SOURCE RECORDS Start Marker

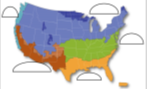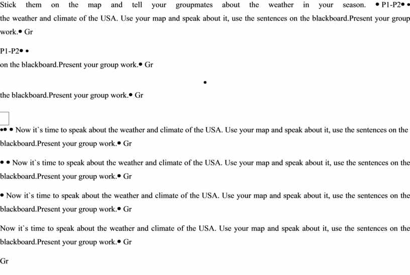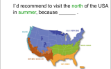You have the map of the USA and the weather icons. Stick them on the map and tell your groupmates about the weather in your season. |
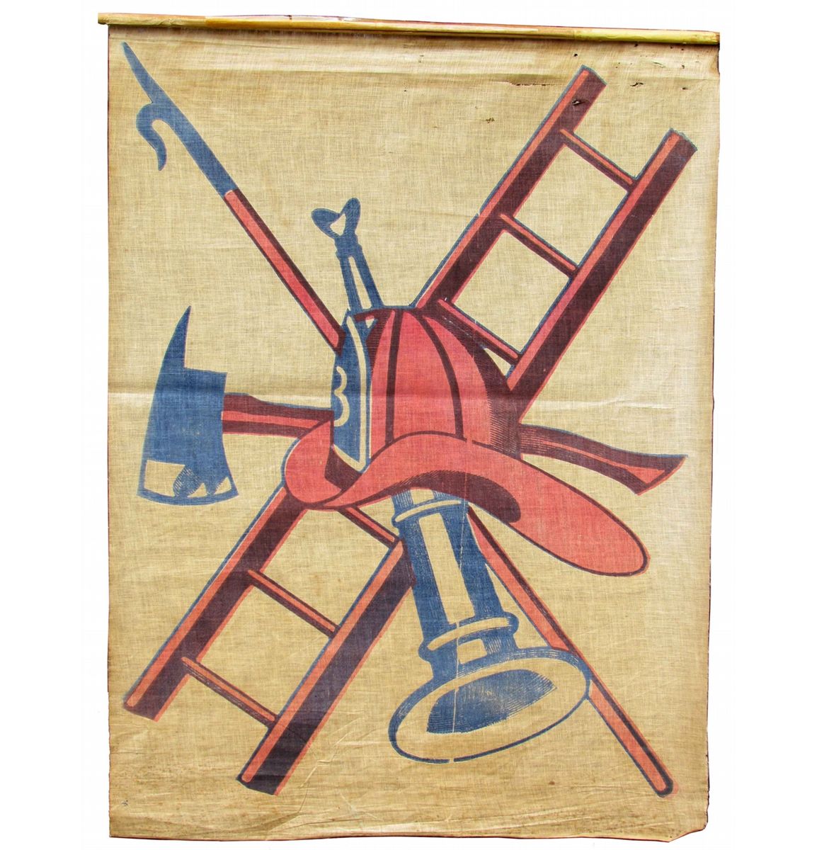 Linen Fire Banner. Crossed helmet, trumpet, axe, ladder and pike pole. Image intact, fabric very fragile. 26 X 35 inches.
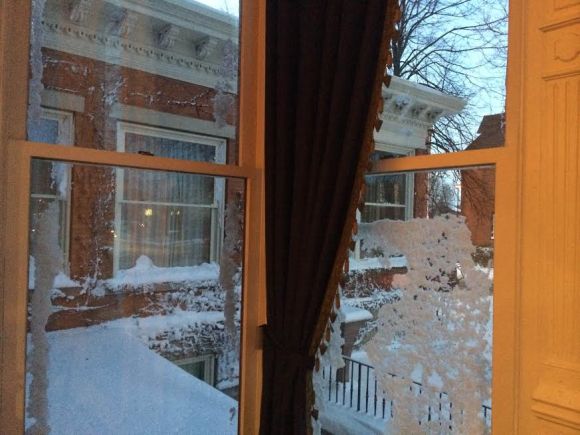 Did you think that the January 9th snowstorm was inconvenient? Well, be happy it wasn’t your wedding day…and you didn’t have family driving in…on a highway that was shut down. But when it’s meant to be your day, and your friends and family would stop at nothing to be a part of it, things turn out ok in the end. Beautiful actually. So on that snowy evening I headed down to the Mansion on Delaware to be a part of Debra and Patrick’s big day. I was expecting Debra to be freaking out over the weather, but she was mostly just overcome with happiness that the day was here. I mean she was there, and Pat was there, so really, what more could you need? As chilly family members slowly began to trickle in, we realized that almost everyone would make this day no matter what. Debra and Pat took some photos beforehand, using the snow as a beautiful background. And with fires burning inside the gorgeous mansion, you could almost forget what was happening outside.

SOURCE RECORDS End Marker
SOURCE RECORDS Start Marker

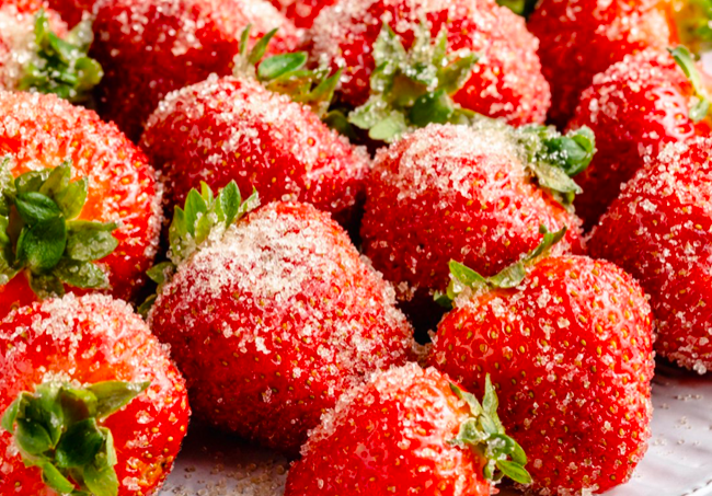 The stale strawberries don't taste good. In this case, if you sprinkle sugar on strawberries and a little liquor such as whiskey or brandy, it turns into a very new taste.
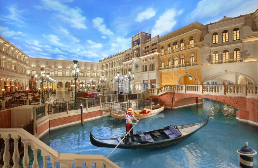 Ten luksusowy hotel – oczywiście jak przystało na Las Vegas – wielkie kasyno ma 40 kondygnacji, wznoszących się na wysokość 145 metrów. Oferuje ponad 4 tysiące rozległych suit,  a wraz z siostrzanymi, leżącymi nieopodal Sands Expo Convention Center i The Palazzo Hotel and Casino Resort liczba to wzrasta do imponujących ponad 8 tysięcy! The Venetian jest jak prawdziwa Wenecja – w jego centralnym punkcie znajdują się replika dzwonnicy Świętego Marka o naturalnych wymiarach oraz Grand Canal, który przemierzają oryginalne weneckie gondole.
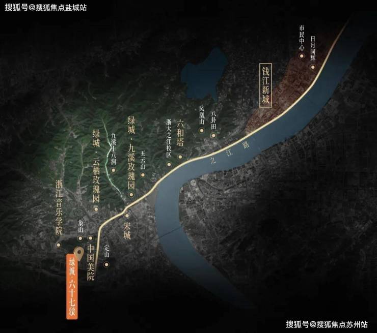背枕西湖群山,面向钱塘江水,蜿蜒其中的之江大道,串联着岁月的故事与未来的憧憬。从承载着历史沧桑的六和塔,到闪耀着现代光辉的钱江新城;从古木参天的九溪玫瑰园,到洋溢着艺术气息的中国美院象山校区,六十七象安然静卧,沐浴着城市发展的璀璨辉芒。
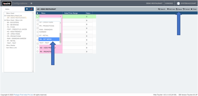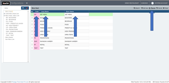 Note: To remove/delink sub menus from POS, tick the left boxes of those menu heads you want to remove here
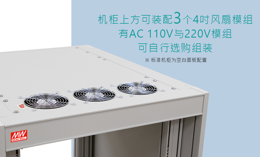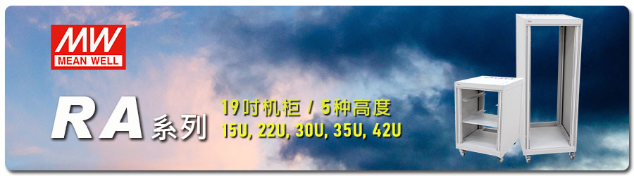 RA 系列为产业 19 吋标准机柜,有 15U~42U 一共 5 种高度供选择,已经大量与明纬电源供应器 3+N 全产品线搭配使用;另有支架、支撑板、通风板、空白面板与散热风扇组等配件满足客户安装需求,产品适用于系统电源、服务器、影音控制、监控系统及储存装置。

SOURCE RECORDS End Marker

### [EXERCISE DESCRIPTION]
Repeat the lines above exactly, beginning with the one containing "You have the" and finishing with the one containing "Linen Fire Banner.". No pictures belong in the copy.

### [ANSWER]
You have the map of the USA and the weather icons. Stick them on the map and tell your groupmates about the weather in your season. |
 Linen Fire Banner. Crossed helmet, trumpet, axe, ladder and pike pole. Image intact, fabric very fragile. 26 X 35 inches.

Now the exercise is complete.